Aug 5, 2025

Is Meta Ads Right For Your Business?

Is Meta Ads Right For Your Business?

Is Meta Ads Right For Your Business?

From unit economics to growth strategy: what DTC brands need to know before investing in Meta Ads

Educational

Introduction


I’ve always marvelled at brands that manage to get from 0 to 1 in what seems like the blink of an eye. How the hell do they do this?
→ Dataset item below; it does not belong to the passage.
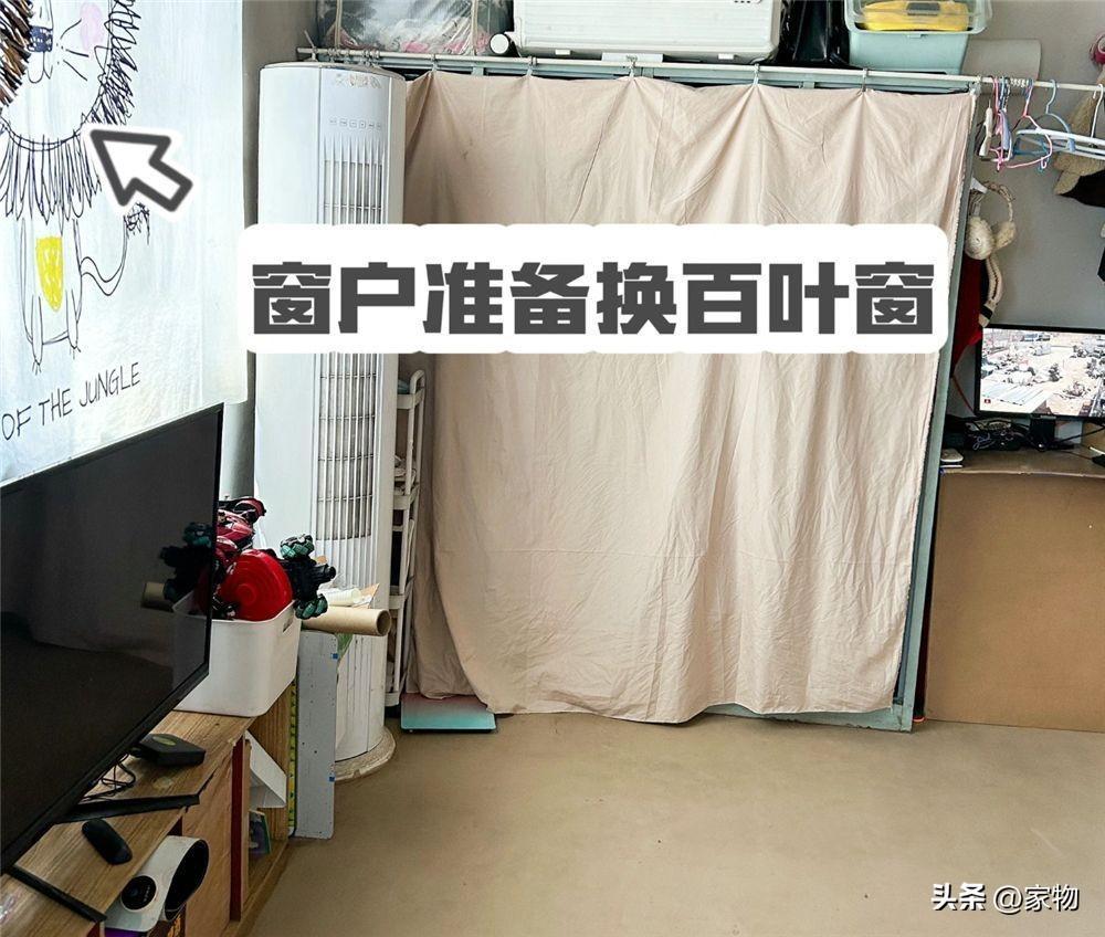 牀鋪對面做成電視牆,上面的窗戶用卡通圖案當窗簾,雖然簡單幹淨,但問題就是遮光太差,不僅看電視有影響,想睡個懶覺都會被光線“叫醒”,後期兩人打算將這裏換成百葉窗。

How do they get the word out to so many people without performing Richard Branson-like stunts over the river Thames?


Coming from a design background, I’ve always been strong at the first part of direct-to-consumer (DTC) marketing: branding and web design. The second bit – getting people to actually visit your website – has required some active learning.


Turns out, there are many ways to drive traffic to your website. None, however, is as reliable and efficient as Meta Ads, the machine that drives the $1.8 trillion business behind Facebook, Instagram, WhatsApp, and more of your favourite apps.


According to estimates, roughly 97% of working-age people in the UK use Meta apps on a daily basis. That’s an eye-watering figure. If you can get your message out clearly and effectively on this platform, the potential rewards are significant.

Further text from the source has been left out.